_Material for the task_

BEGIN

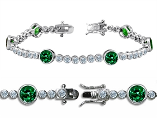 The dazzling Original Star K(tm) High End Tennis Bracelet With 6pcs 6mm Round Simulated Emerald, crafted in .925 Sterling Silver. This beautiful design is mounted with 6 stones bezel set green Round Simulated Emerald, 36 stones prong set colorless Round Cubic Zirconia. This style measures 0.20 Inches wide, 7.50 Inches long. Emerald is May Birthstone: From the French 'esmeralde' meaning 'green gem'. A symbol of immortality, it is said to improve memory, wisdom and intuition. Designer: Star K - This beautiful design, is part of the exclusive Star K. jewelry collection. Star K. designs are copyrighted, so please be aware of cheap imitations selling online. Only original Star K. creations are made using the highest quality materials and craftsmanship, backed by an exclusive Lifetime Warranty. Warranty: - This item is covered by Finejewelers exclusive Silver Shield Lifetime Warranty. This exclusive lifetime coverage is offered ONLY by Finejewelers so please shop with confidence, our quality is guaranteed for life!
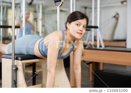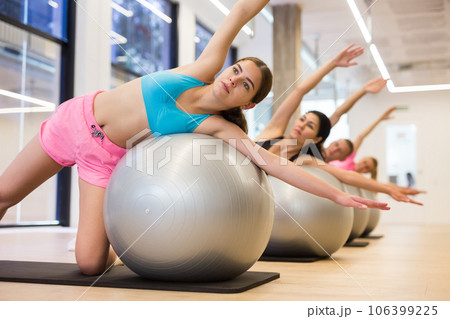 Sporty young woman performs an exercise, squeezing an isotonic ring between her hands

END
BEGIN

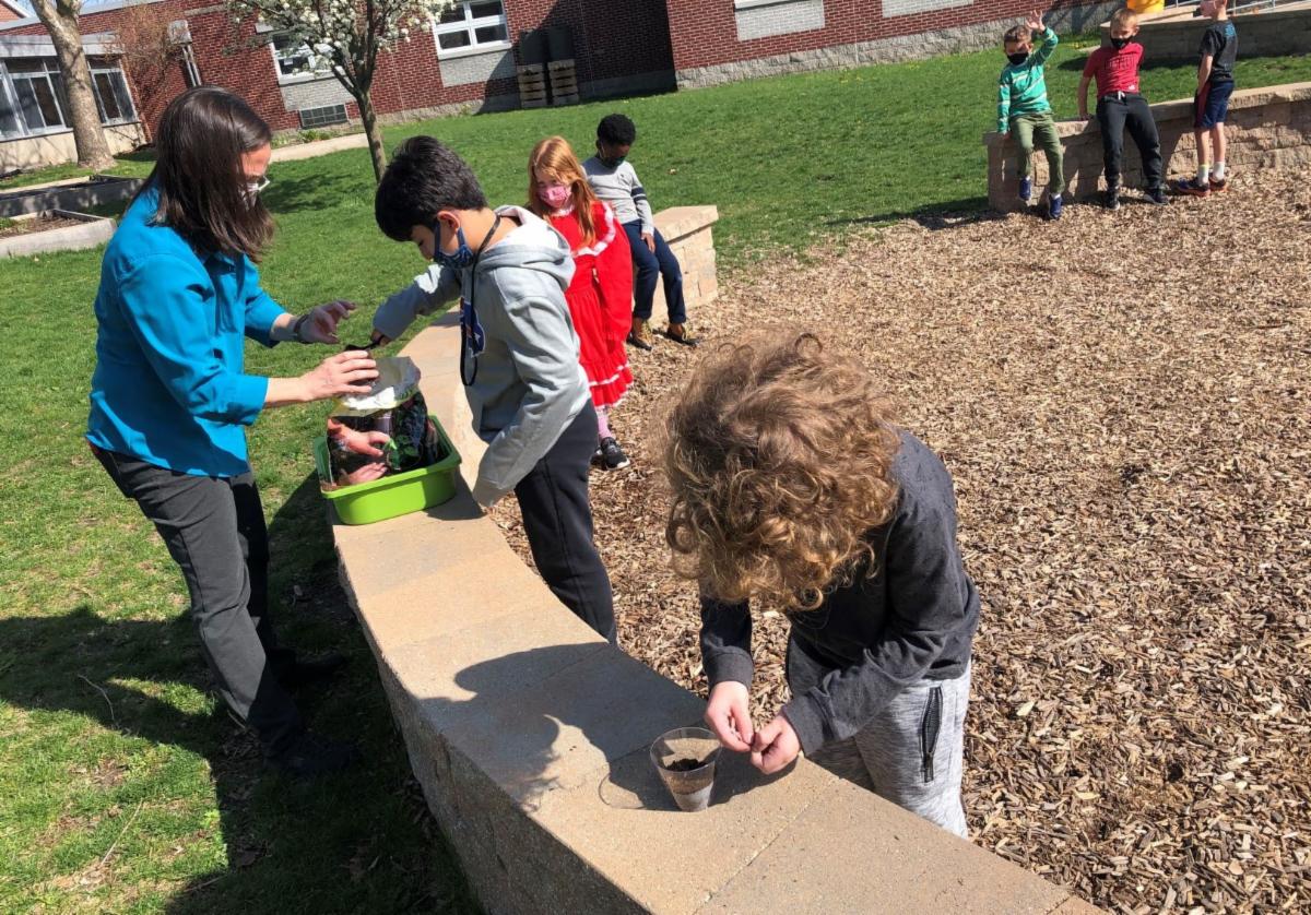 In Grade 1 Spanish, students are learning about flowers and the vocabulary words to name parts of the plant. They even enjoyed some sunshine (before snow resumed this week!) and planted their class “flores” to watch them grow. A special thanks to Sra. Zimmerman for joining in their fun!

END

Starting from the line with "The dazzling Original" in the records above, repeat each line exactly until you have written the line with "Sporty young woman", then stop; drop the pictures.

 The dazzling Original Star K(tm) High End Tennis Bracelet With 6pcs 6mm Round Simulated Emerald, crafted in .925 Sterling Silver. This beautiful design is mounted with 6 stones bezel set green Round Simulated Emerald, 36 stones prong set colorless Round Cubic Zirconia. This style measures 0.20 Inches wide, 7.50 Inches long. Emerald is May Birthstone: From the French 'esmeralde' meaning 'green gem'. A symbol of immortality, it is said to improve memory, wisdom and intuition. Designer: Star K - This beautiful design, is part of the exclusive Star K. jewelry collection. Star K. designs are copyrighted, so please be aware of cheap imitations selling online. Only original Star K. creations are made using the highest quality materials and craftsmanship, backed by an exclusive Lifetime Warranty. Warranty: - This item is covered by Finejewelers exclusive Silver Shield Lifetime Warranty. This exclusive lifetime coverage is offered ONLY by Finejewelers so please shop with confidence, our quality is guaranteed for life!
 Sporty young woman performs an exercise, squeezing an isotonic ring between her hands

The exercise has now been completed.